July 15, 2024

Youthful, gaming-obsessed Saudi seeks homegrown hit


Young Saudis wander through a museum of video game history stretching from the original Pac-Man to PlayStation 5, a project intended to inspire them to create their own blockbuster titles.

The display of consoles and arcade machines from the past half-century is part of Gamers8, an eight-week festival of eSports tournaments in the capital Riyadh, with a prize pool totalling $45 million.

Saudi Arabia has made no secret of its passion for gaming and eSports, which is believed to come from the very top, with Crown Prince Mohammed bin Salman said to be an avid Call of Duty player.

Last year, the 38-year-old de facto ruler announced a $38 billion investment strategy for the oil-rich Gulf kingdom’s Savvy Games Group, owned by the deep-pocketed Public Investment Fund.

As it gathers momentum, the national gaming and eSports strategy is placing growing emphasis on local game production, vowing in its official document to turn the kingdom into “an Eden for game developers” that can produce new titles “promoting Saudi and Arabic culture”.

That’s where the museum and adjacent “game labs” come in: Throughout Gamers8, around 3,000 people, the majority of them Saudis, have flocked to the site for crash courses in skills like coding and animation.

“In the past, Arabs were only buying games, not developing games,” said developer Mohammed al-Fakih as he honed his skills in a lab one night this week.

“Now there is an opportunity to develop games, design your own ideas and make them a reality, according to local customs and traditions.”

  • Early days –

Youthful Saudi Arabia appears ripe for the video game market, with nearly two-thirds of the non-immigrant population aged under 30.

But so far, no one has solved the riddle of how to design a breakout gaming hit that also showcases Saudi culture, acknowledged Faisal bin Homran, chief eSports officer at the Saudi Esports Federation.

There are 25,000 Saudi and foreign developers currently grappling with the challenge, he said.

“With the expertise coming from outside and the knowledge being transferred, we will notice some games that can really go internationally,” he said.

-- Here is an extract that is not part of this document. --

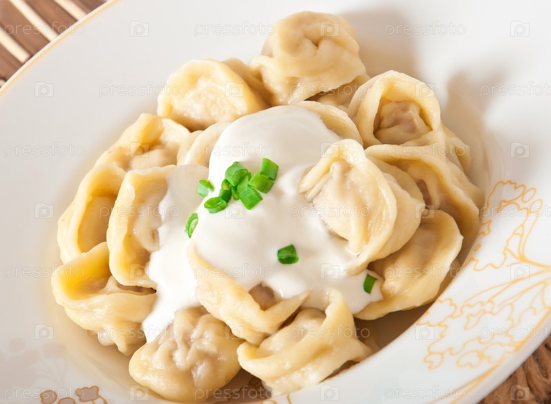 Русские пельмени со сметаной на тарелке

One source of inspiration, he noted, comes from Saudi characters already featured in global franchises, like Shaheen in the Tekken fighting games or Rashid in Street Fighter. Rashid is said to be from an unspecified Middle Eastern country, possibly the United Arab Emirates or Saudi Arabia.

Officials like Homran, though, are dreaming bigger: the national strategy targets 30 globally competitive games produced in domestic studios by 2030.

Already, some unpolished Saudi-made games have resonated with Saudi fans, among them Khaled Alghaith, a Rocket League enthusiast who spent his summer vacation at the Gamers8 labs learning to code.

The 14-year-old said he had particularly fond memories of a game titled “Khashem”, or “Nose” in Saudi Arabic, about a character who lost his memory and had to complete a series of challenges drawing on his sense of smell to get it back.

“Every game that is made by a Saudi, I always play it and really enjoy it,” Alghaith said.

“I say, ‘Wow, this is the work of a Saudi’ and I get so proud.”

  • A new path –

Despite its oil wealth, Saudi Arabia has not always been welcomed with open arms on the global gaming scene.

In 2020, backlash from LGBTQ gamers who condemned Saudi Arabia’s prohibition of same-sex sexual acts led Riot Games and the Danish tournament organizer BLAST to scuttle deals with NEOM, a $500 billion futuristic megacity on the Red Sea.

But Riyadh’s gaming push has continued unabated.

This year Savvy completed a $4.9 billion purchase of Scopely, the California-based mobile games company, and the Public Investment Fund now owns more than eight percent of Nintendo. The potential rise of Saudi Arabia as a game development powerhouse could bring concerns about censorship, much like China’s rise did, said Tobias Scholz, an eSports expert at Norway’s University of Agder.

“We will see an unconscious shift in development and fewer games that have a critical view,” Sholz said.
“We will not see a negative tone, because the developer will think, ‘Those are my bosses.'”

These worries are far from the mind of Abdulaziz Maher, 23, who took classes during Gamers8 on sound design and how to move characters through a three-dimensional landscape.

The experience has spurred him to consider work in development, something he didn’t previously realize was possible.

“All the ideas in my mind were in chaos, but now they are in order,” he said.

“Like there is a path you can walk on.”